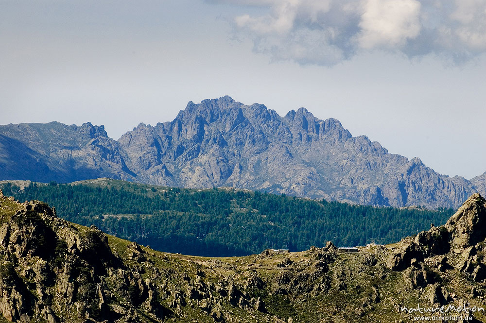 Blick zur Bergerie de Capellacio, im Hintergrund vermutlich der Cima a i Mori, Korsika, Frankreich
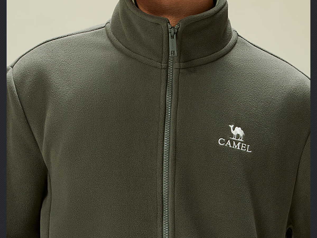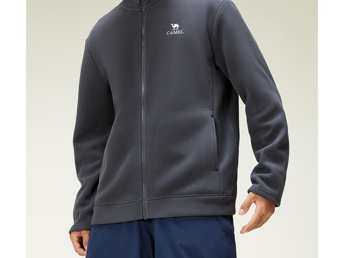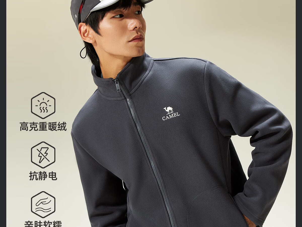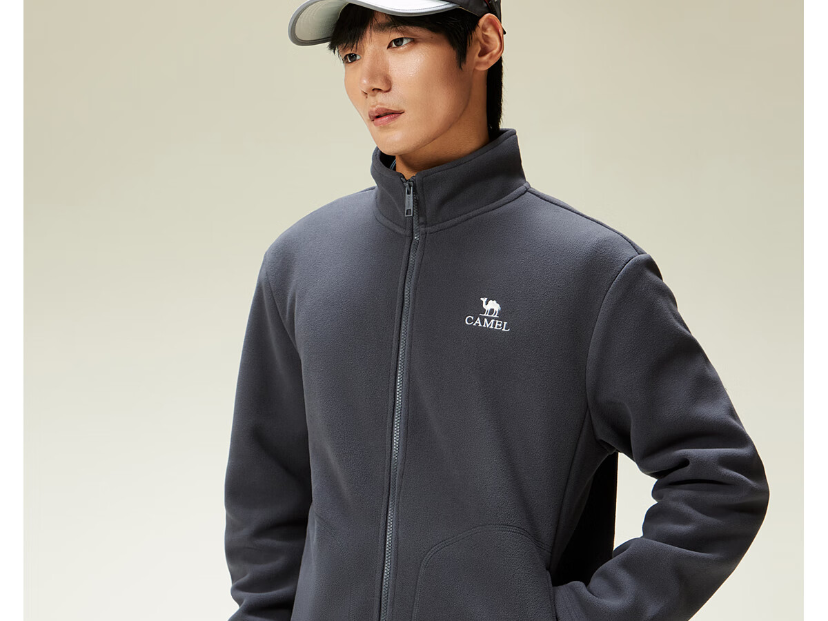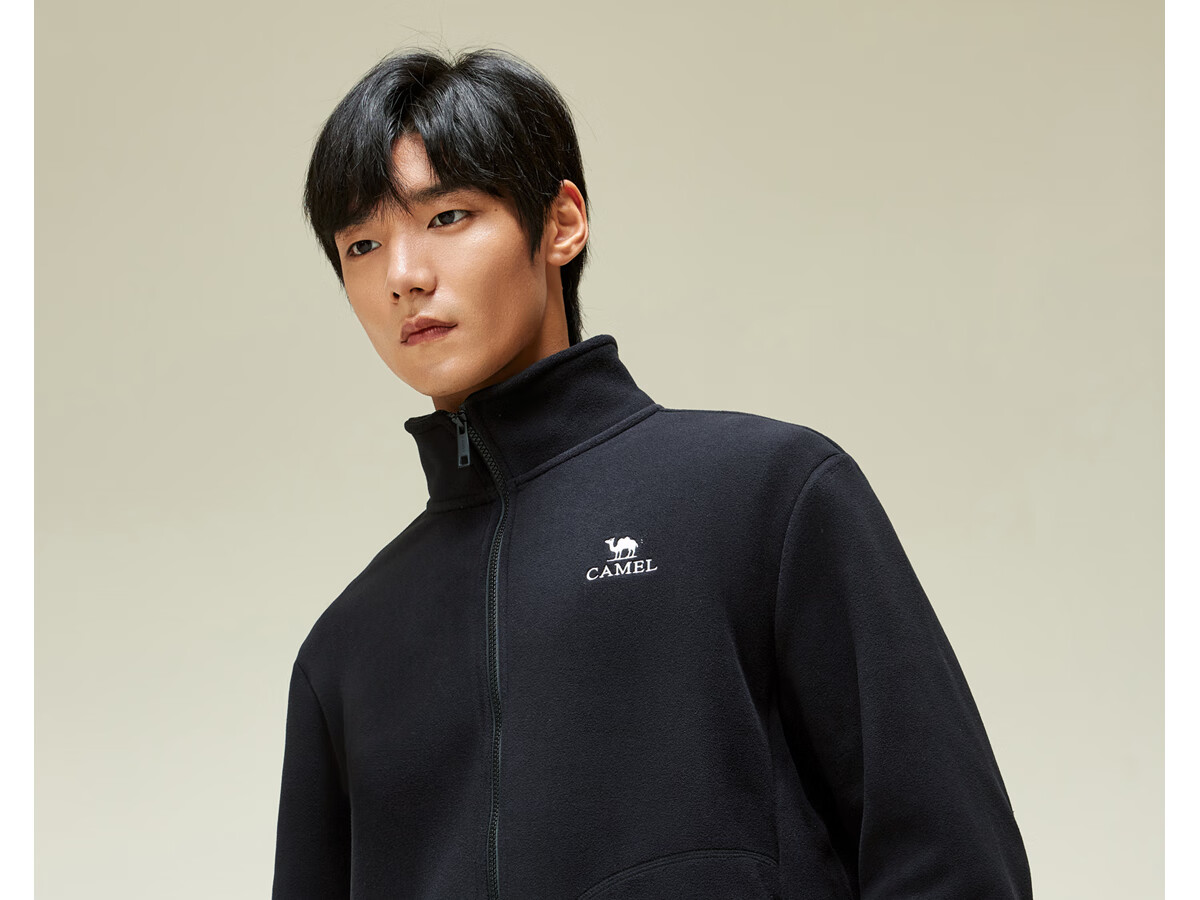 Camel Men's Anti-static Polar Fleece Jacket Men's Autumn and Winter High Weight Stand-up Collar Warm Fleece Jacket M15CA88078
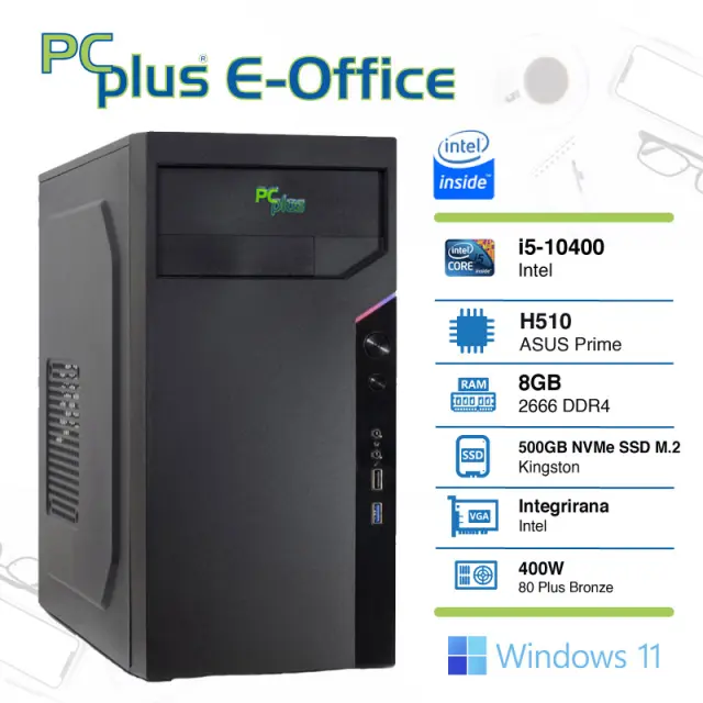 PCPLUS e-office i5-10400 8GB 500GB NVMe SSD Windows 11 Home namizni računalnik
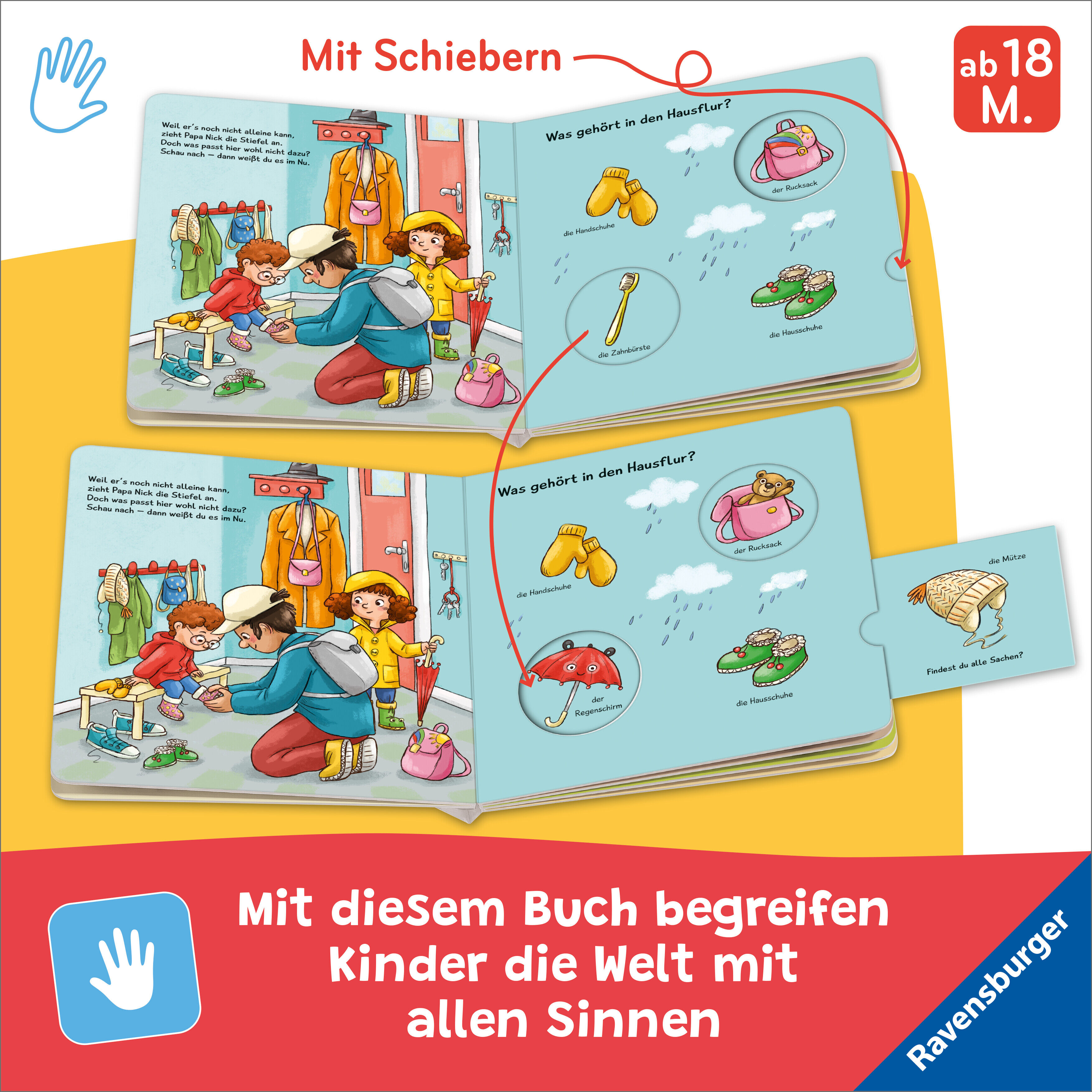 Was passt hier nicht? Großer Schiebespaß kombiniert mit einem lustigen Ratespiel Zu Hause gibt es allerlei Sachen. Aber was macht die Zahnbürste im Hausflur? Und gehört der Obstkorb wirklich ins Badezimmer? Auf jeder Seite befindet sich ein falscher Gegenstand...

# TASK DETAILS
Would you restate all of the data above word for word, omitting the pictures?

# RESPONSE
 Blick zur Bergerie de Capellacio, im Hintergrund vermutlich der Cima a i Mori, Korsika, Frankreich
 Camel Men's Anti-static Polar Fleece Jacket Men's Autumn and Winter High Weight Stand-up Collar Warm Fleece Jacket M15CA88078
 PCPLUS e-office i5-10400 8GB 500GB NVMe SSD Windows 11 Home namizni računalnik
 Was passt hier nicht? Großer Schiebespaß kombiniert mit einem lustigen Ratespiel Zu Hause gibt es allerlei Sachen. Aber was macht die Zahnbürste im Hausflur? Und gehört der Obstkorb wirklich ins Badezimmer? Auf jeder Seite befindet sich ein falscher Gegenstand...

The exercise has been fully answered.